A powerful American bunker-busting bomb is the only weapon capable of destroying Iran’s deeply buried nuclear facilities, making it president Donald Trump’s weapon of choice if he chooses to militarily back Israel.
The GBU-57, a 30,000-pound warhead capable of penetrating 200 feet underground before exploding, is missing from Israel’s arsenal despite its stated goal of preventing Iran from building a nuclear bomb.
In less than a week, the Israeli army has taken out Iranian military commanders and damaged numerous surface installations, raising more questions than answers.
‘The regime’s missile stockpiles, launchers, military bases, production facilities, nuclear scientists, military command and control has taken a very severe beating,’ said Behnam Ben Taleblu, director of the Iran program at the Washington-based think tank Foundation for Defence of Democracies, a conservative-leaning group.
‘But there are still outsized questions as to how efficacious of a strike Israel had against the beating hearts of Iran’s nuclear program,’ Taleblu said.
The International Atomic Energy Agency has reported no damage at Fordo, a uranium enrichment plant south of Tehran. Unlike the Natanz and Isfahan sites in central Iran, Fordo is buried deep underground, beyond the reach of Israeli bombs.
‘All eyes will be on Fordo, which is buried under about 300 feet of rock in central Iran,’ Taleblu said.
Former US Army lieutenant general and Rand Corporation defence researcher Mark Schwartz insists that ‘only the United States has the conventional capacity’ to destroy such a site.
And by ‘conventional capacity,’ he means the non-nuclear GBU-57 bomb.
The US military says the GBU-57 — also named Massive Ordnance Penetrator — ’is designed to penetrate up to 200 feet underground before exploding,’ navigating through rock and concrete.
This differs from missiles or bombs that typically detonate their payload near or upon impact.
‘To defeat these deeply buried targets, these weapons need to be designed with rather thick casings of steel, hardened steel, to sort of punch through these layers of rock,’ said Masao Dahlgren, a fellow working on missile defence for the Centre for Strategic and International Studies, a Washington-based research centre.
The 6.6-meter-long GBU-57 also has a specialised fuse because ‘you need an explosive that’s not going to immediately explode under that much shock and pressure,’ Dahlgren said.
Design for this bomb began in the early 2000s, and an order for 20 units was placed with Boeing in 2009.

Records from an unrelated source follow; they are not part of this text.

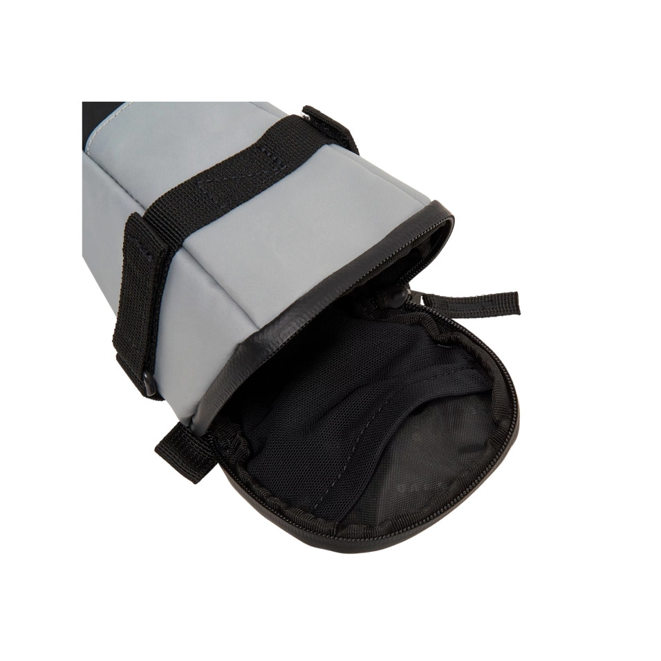 Características: - Material resistente al agua fabricado con botellas de PET - Cierre de cremallera impermeable - Forma ergonómica cónica que proporciona un amplio almacenamiento bajo el sillín de la bicicleta - Bolsillos interiores de malla elástica para organización - Logotipo de la elipse reflectante - Sistema mejorado de correas de nylon y velcro para sujetar firmemente la bolsa a la bicicleta y evitar que se mueva durante la conducción Especificaciones: - 1L de capacidad de almacenamiento Composición del material: - 100% poliéster reciclado |
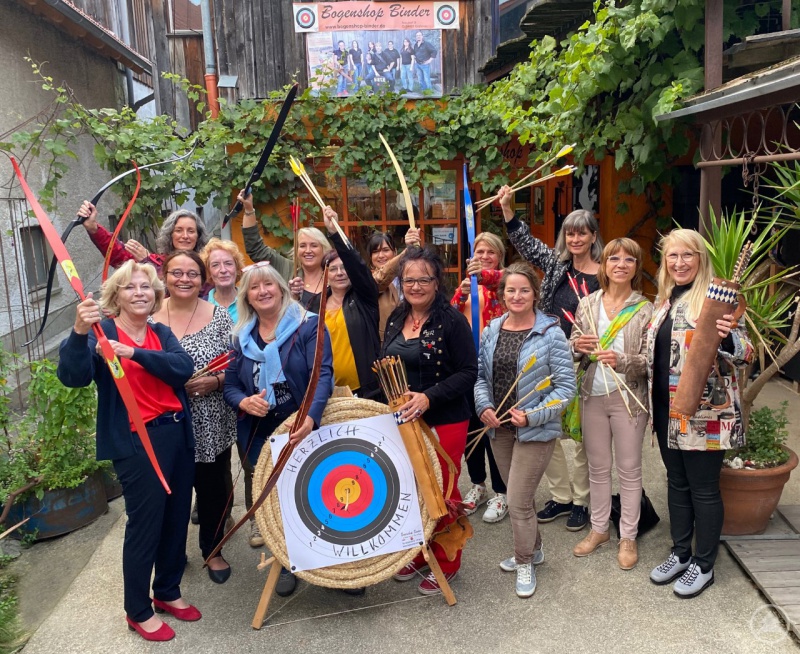 “ Nach dem Blick hinter die erfolgreichen Firmenkulisse konnten die Unternehmerinnen ihr Talent beim Bogenschießen ausprobieren. In der eigenen Indoorhalle durften die Mitglieder nach kurzer Einweisung selbst den Bogen spannen und den Pfeil in eine zirka zehn Meter entfernte Zielscheibe platzieren. „Bogenschießen ist in jedem Alter möglich“, weiß Manuela Binder. Es sei nicht nur ein idealer Sport für die ganze Familie, für Schulklassen oder eine ideale Maßnahme zur Teambildung sondern auch eine große persönliche Erfahrung. „Die meisten Kunden haben das Problem des Loslassens“, sagt Binder und ergänzt: „Eine Erfahrung, die sich auf viele Situationen des beruflichen und geschäftlichen Lebens übertragen lässt. Beim Bogenschießen kann man die Kraft des Loslassens entdecken, die eigene Mitte oder den Weg zu mehr Aufmerksamkeit und Gelassenheit finden.
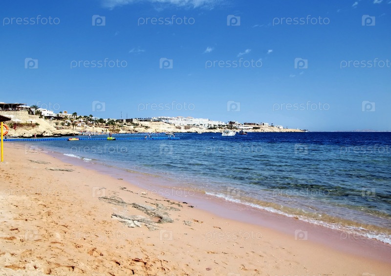 Шезлонг и зонтики на пляже на фоне голубого неба и моря. Египет, Шарм-Эль-Шейх
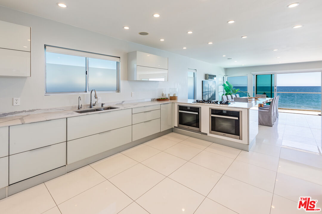 Discover unparalleled coastal elegance in this breathtaking oceanfront estate, perfectly poised on Malibu's pristine shores with direct beach access via a private staircase and mesmerizing 180-degree Pacific vistas. This contemporary three-level masterpiece offers four bedrooms, three and a half bathrooms, floor-to-ceiling glass walls that invite natural light to dance across every room, and multiple ocean-view terraces perfect for savoring sunsets or hosting intimate gatherings. The chef's kitchen, a culinary dream with top-tier appliances and sleek cabinetry, anchors the main residence, while an attached two-bedroom, one-bath guest suite with a full kitchen, washer/dryer, and private entrance provides a versatile retreat for guests or family. With a three-car garage plus parking for four or more vehicles, and a prime location steps from scenic hiking trails, vibrant restaurants, chic boutiques, and everyday essentials, this sanctuary blends modern sophistication, privacy, and the timeless allure of Malibu's coastal lifestyle.
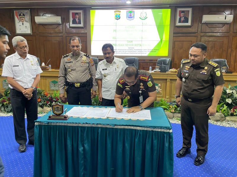 Kerja sama itu ditandai dengan penandatanganan perjanjian oleh Wali Kota Binjai Amir Hamzah, Kepala Kejaksaan Negeri (Kajari) Binjai Jufri Nasution SH MH, dan Kapolres Binjai, di Aula Pemko Binjai, Rabu (4/10).
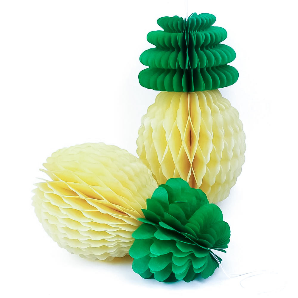 Бумажное украшение "Ананас" 30х18 см — сочный и праздничный элемент для оформления стола, фотозон, витрин и интерьера. Поставляется в сложенном виде, легко раскрывается в пышную объёмную форму.

The only aircraft capable of deploying the GBU-57 is an American B-2 Bomber, a stealth aircraft.
Some of these bombers were deployed in early May on Diego Garcia, the site of a joint UK-US military base in the Indian Ocean, but were no longer visible by mid-June, according to AFP’s analysis of satellite imagery provided by Planet Labs.
With their long-range capabilities, B-2s departing from the United States ‘are able to fly all the way to the Middle East to do bombing runs. That’s been done before,’ Dahlgren said.

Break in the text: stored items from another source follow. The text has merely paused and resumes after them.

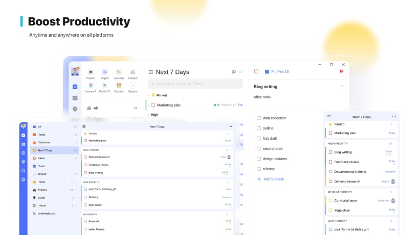 TickTick is a powerful to-do & task management app with seamless cloud synchronization across all your devices. Whether you need to schedule an agenda, make memos, share shopping lists, collaborate in a team, or even develop a new habit, TickTick is always here to help you get stuff done and keep life on track.
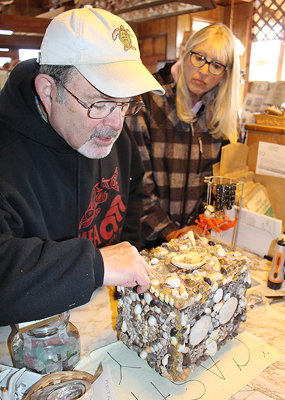 Shell biologist Alan Rammer and Rasmus Petersen’s great-granddaughter-in-law, Gail Petersen, examine the box Rasmus made for his wife, Charlotte, using the ballast shells from the beached schooner Poltalloch. If you look closely, you can see the heart shape outlined in shells on the side of the box. (Courtesy Westport Maritime Museum) Back to the edition of: May/Jun 2023
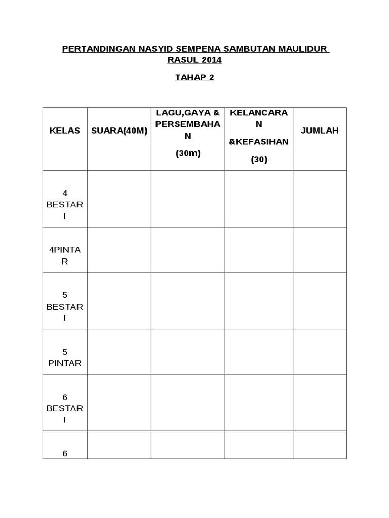 Contoh borang pemarkahan pertandingan nasyid. Koleksi buku cerita kanak kanak dalam bahasa arab. 6 2 2 mengedarkan borang penghakiman kepada para hakim. Festival nasyid dan pertandingan seni khat antara ipta ipts dan ipg sempena festival kesenian islam peringkat antarabangsa 1435h 2014m pada 26 29 september 2014 tempat institut pendidikan guru kampus batu lintang. Melalui pertandingan ini juga diharapkan dapat melahirkan insan yang berdaya saing berfikiran kreatif dan positif.
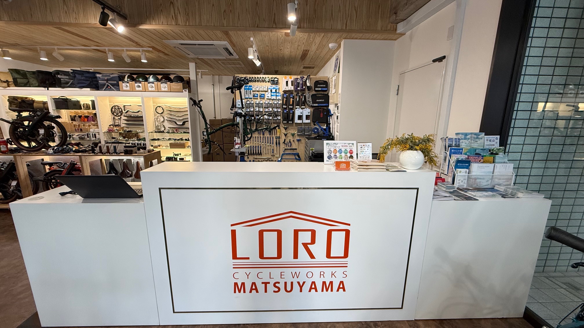テーブルや椅子も用意されているため、ゆっくりと自転車選びやカスタムの相談ができる空間となっています。
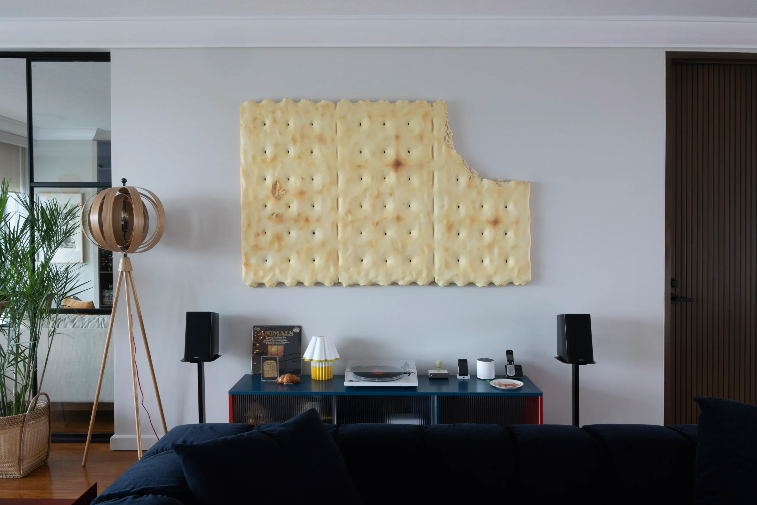 It’s unexpected and familiar at the same time. Linds Lee took a SkyFlakes cracker and transformed it into this monumental piece with incredible detail. You can see every little ridge and hole. It’s nostalgic, it sparks conversations, and it’s the piece that guests are most drawn to when they enter our living room.
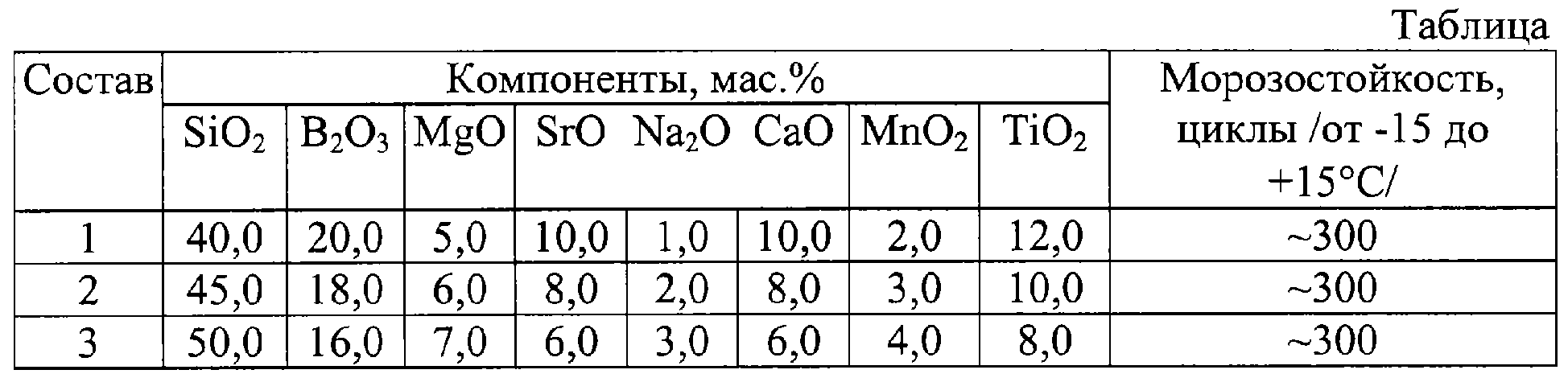 Изобретение относится к технологии силикатов, а именно к составам глазурей, которые могут быть использованы для покрытия изделий и фарфора, фаянса, майолики и другой керамики. Известна глазурь, содержащая SiO2, B2O3, MgO, SrO, Na2 Известна глазурь следующего состава, мас.%: SiO2 46,4-51,1, B2О3 24,2-28,6; MgO 4,8-6,7; SrO 2,0-3,5; Na2O 5,0-7,2; Al2O3 1,0-1,6; CaO 6,9-11,0 [2]. Морозостойкость такой глазури составляет около 100 циклов попеременного замораживания и оттаивания /от -15 до +15°С/. Целью изобретения является повышение морозостойкости глазури. Цель достигается тем, что в состав глазури дополнительно вводят MnO2 и TiO2, при следующем соотношений компонентов, мас.%: SiO2 40,0-50,0; B2O3 16,0-20,0, MgO 5,0-7,0; SrO 6,0-10,0; Na2O 1,0-3,0; CaO 6,0-10,0; MnO2 2,0-4,0; TiO2 8,0-12,0. В таблице приведены составы глазури. Компоненты глазури сплавляют при 1300°С с последующей грануляцией в воду. Фритту размалывают мокрым способом с добавкой 2-8% глины. Полученную суспензию перемешивают, наносят на керамические изделия и обжигают при 1000°С. Источники информации 1. Авторское свидетельство СССР №700479, С03С 9/00, 1979. 2. Авторское свидетельство СССР №948924, С03С 9/00, 1982.

Each B-2 can carry two GBU-57 bombs, and Schwartz said multiple bombs will likely be needed.
‘They’re not going to just be one and done,’ he said.

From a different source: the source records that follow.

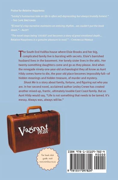 A new smaller format of Lesley Crewe's second novel, now with a reader's guide and author interview. The South End house where Elsie Brooks and her big, complicated family live is bursting with secrets. Elsie's banished husband lives in the basement. Her lonely sister lives in the attic. Her twenty-something daughters come and go as they please. And when the renegade ninety-one-year-old archaeologist they all know as Aunt Hildy comes home to die, the poor old place becomes impossibly full-of hidden meanings and hidden treasure, of murder and mystery. Shoot Me is a story about family, fortune, and figuring out who you are. Bestselling author Lesley Crewe has created a mixed-up, frantic, ultimately lovable East Coast family. But as Aunt Hildy would say, "Life is not something that needs to be tamed. It's messy. Always was, always will be."
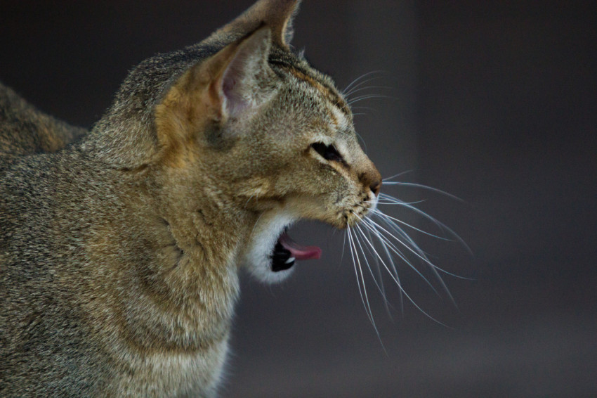 Кошка широко зевает
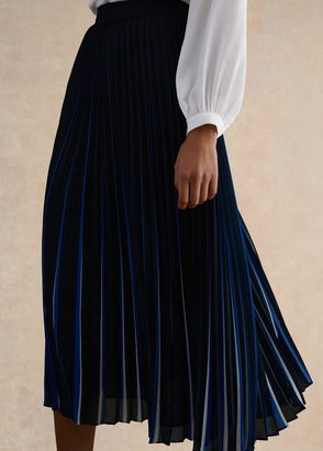 Cotton-Blend Pleated Maxi Skirt In Navy
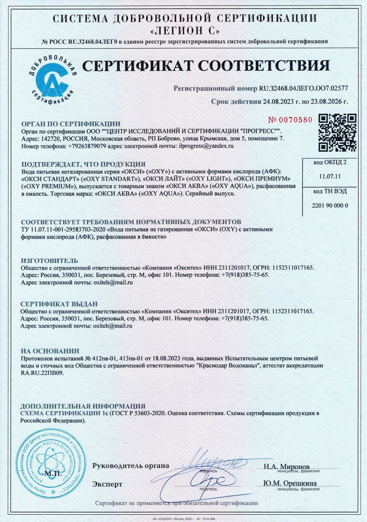 Вода ОКСИ ПРЕМИУМ - столовая питьевая гидрокарбонатная слабоминерализованная слабощелочная кислородонасыщенная (оксигенированная) мягкая (карбонат кальция в виде арагонита) «кластерная» вода, структурированная АФК - активными формами кислорода, (имеющая особую воссозданную, схожую с кристаллической решёткой льда, структуру с прочными упорядоченными связями между молекулами, которые объединены в кластеры – макромолекулы, полностью соответствующие структуре межклеточной жидкости), и с идеально сбалансированным минеральным составом, со значительно высокой энергетической активностью, способная к самоокислению кислородом и к длительному сохранению освобождающейся при этом энергии, а также к легкой отдаче этой энергии организму в наиболее ценной форме.

Schwartz added that the air superiority Israel has established over Iran reduces the risks faced by the B-2 bombers.
Such a US intervention would come with ‘a lot of political baggage for America,’ Taleblu said, emphasising that the bunker-buster bomb is not the only way to address Iran’s nuclear program.
Without the GBU-57 bombs, and short of a diplomatic solution, Taleblu said Israelis could attack access to underground complexes like Fordo by ‘trying to hit entrances, collapse what they can, cut electricity’ and take other measures that have already been taken at Natanz.